■ **What is needed**: Copy exactly, please, the lines of the data from its start through the line containing "Birthday Card Maker".

■ **Records for processing**:

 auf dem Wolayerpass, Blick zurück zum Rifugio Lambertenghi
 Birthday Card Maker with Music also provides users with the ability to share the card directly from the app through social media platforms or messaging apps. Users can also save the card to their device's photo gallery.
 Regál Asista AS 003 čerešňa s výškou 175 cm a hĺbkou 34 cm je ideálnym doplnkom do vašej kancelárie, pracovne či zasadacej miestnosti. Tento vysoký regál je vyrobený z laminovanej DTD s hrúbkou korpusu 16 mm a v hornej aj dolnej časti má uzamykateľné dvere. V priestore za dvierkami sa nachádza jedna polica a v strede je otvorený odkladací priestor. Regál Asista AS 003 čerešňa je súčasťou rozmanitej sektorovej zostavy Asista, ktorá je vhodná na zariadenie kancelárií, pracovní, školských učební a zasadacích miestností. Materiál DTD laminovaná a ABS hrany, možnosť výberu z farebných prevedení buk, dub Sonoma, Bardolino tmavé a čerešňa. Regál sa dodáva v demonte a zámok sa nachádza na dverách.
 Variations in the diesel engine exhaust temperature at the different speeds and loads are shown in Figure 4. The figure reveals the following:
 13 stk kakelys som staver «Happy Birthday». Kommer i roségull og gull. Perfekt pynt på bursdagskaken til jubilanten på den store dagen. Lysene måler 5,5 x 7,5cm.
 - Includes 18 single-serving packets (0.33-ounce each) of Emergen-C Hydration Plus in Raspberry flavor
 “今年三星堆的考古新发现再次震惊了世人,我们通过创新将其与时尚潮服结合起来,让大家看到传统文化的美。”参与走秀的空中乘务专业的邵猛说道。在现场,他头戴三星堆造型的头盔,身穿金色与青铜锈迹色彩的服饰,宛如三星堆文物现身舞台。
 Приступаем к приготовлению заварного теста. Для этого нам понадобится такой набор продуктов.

■ **Problem solution**:
 auf dem Wolayerpass, Blick zurück zum Rifugio Lambertenghi
 Birthday Card Maker with Music also provides users with the ability to share the card directly from the app through social media platforms or messaging apps. Users can also save the card to their device's photo gallery.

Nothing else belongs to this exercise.